Er hatte sich immer sicher gefühlt, die Krankheit, die den Geist vieler seiner Vettern verdrehte, schien nie auch nur mit einem Staubkorn an ihm zu haften. Er hatte nie etwas bemerkt, er hatte sich so oft beobachtet, immer mit Bedacht, immer mit wachem Blick hatte er sich selbst begutachtet und wie er war, wie er handelte, wie er sprach. Nie war ihm etwas aufgefallen, nicht in einem Jahrhundert. Doch wie es so ist mit dem Wahnsinn, er ist längst Teil von einem und wie eine Legierung, zieht er sich über die eigene Seele, wird ein Teil von einem den man als sich selbst betrachtet.

Er war bereits seit Wochen auf dem Weg in die Tiefe, durch die ewigen Stollen des Nilzadan, die verborgenen Wege unter Tage die nur sehr selten Stiefel sahen. Die kleinen Plättchen aus Mithrill die in seinen Bart geflochten waren, klirrten melodisch und wundervoll in seinen Ohren.

Er wollte zu seinen Schätzen zurück, die er angehäuft hatte, das Gold, das Mithrill und all die vielen Münzen… die in Wirklichkeit nur Geröll und Staub waren. Doch für ihn glänzten sie so hell und rein wie das größte Meisterwerk.
Zurück in sein Zuhause voller Fell, großen Vorräten an Bier und einem Kamin so groß wie drei Bären…. Die in Wirklichkeit nur nackter Fels, ein Rinnsal eines Bergbachs und die Eiternarbe von etwas Magma waren. Doch sie hatten ihn immer gewärmt, innerlich.
Er wollt zurück zu seiner Frau Muriel, zu seinen beiden Kindern Artosch und Gallwy die sich tiefer in sein Herz gegraben hatten als der Glanz allen Reichtums.

Er hatte es schon vor seinem geistigen Auge, wie Muriel gerade den Tisch deckte, hier in ihrem Zuhause, in den tiefsten Stollen, dort, wo das Herz des Berges schlug. Ein Lied auf den Lippen vom Ruhm aller Bergleute, wie sie emsig und stoisch ihrem ehrenwerten Tagenachwerk nachgingen, kam etwas Tempo in seine müden Beine die ihn so weit getragen hatten.
Muriel war seit drei Dekaden tot.
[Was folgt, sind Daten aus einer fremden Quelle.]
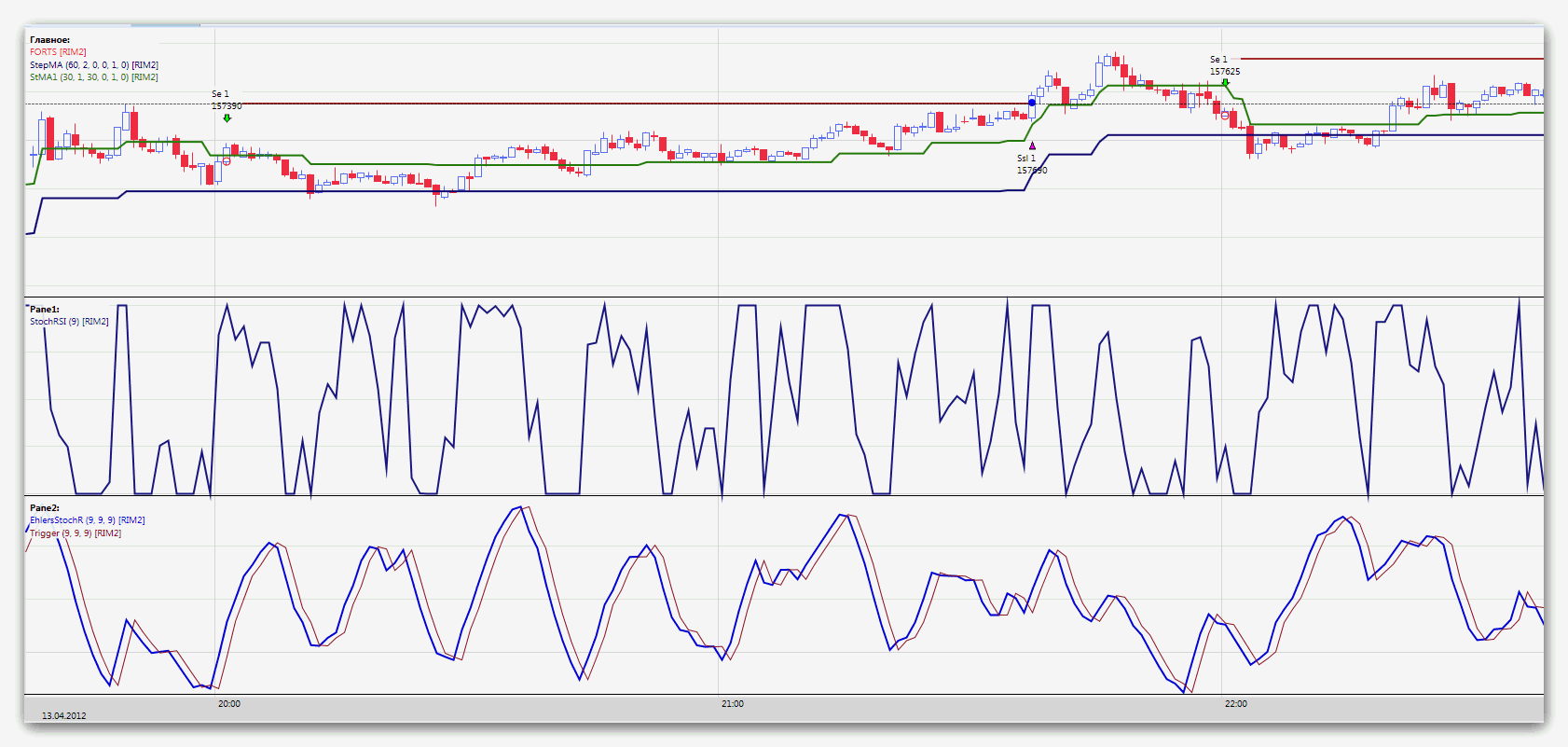 за счёт выбора периода стохастика и усреднения LWMA отличается в лучшую сторону от StochRSI из стандартной поставки TSLab
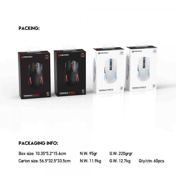 | O proizvodu | Senzor: gejmerski senzor Pixart 3212 Ubrzanje: do 30 IPS / 10G DPI: on-the-fly od 800 do 2.400 DPI Polling Rate: 150 Hz RGB: Da Životni vijek: 20 milijuna klikova (Huano prekidači) Kapacitet baterije: 400 mAh Bežična udaljenost od računala: 10 m Ergonomski dizajn prilagođen za lijevu i desnu ruku Dimenzije: 130*78*38 mm Težina: 107 g Fantech WGC2 Venom II je opremljen Pixart 3212 senzorom, Huano prekidačima sa životnim vijekom od 20 milijuna klikova i ugrađenom baterijom od 400 mAh. Ovo je inovativan proizvod čija je cijena sasvim prihvatljiva za bilo kojeg igrača. Uređaj se uspješno nosi sa svojim glavnim funkcijama i pomoći ce vam da postignete uspjeh u cyber bitkama. JAMSTVO 12 MJESECI |

Seine Kinder hatte es nie gegeben. Doch für ihn war sie noch dort. Im Wahn sah er vor sich keine Leere, sondern die robuste Brücke aus Eisen und Holz, die direkt zu seiner Haustür führte, die er selbst gebaut hatte. Er sah Muriel am anderen Ende stehen, sie winkte ihm zu, ihre Arme weit geöffnet.

- Der erste Schritt: Er fühlte sich federleicht.
- Der zweite Schritt: Das Lachen seiner Liebsten in seinem Kopf verstummte und machte einer seltsamen Klarheit Platz.
- Der Fall: Die Realität kehrte für einen winzigen, grausamen Moment zurück, als er den Boden erreichte.

Er schrie nicht, während er in die endlose Schwärze stürzte. Er schloss er die Augen. Das letzte, was er fühlte, war nicht der Aufprall, sondern die Wärme von Muriels Hand in der seinen. Der Berg nahm ihn auf, wie er einst von seiner Sippe aufgenommen wurde – still, unerbittlich und für immer.

Gerihon war augenblicklich tot. Der tiefe Sturz hatte seinen Körper zerschmettert und nichts hätte ihm helfen können, nichts könnte ihn je wieder zurück bringen.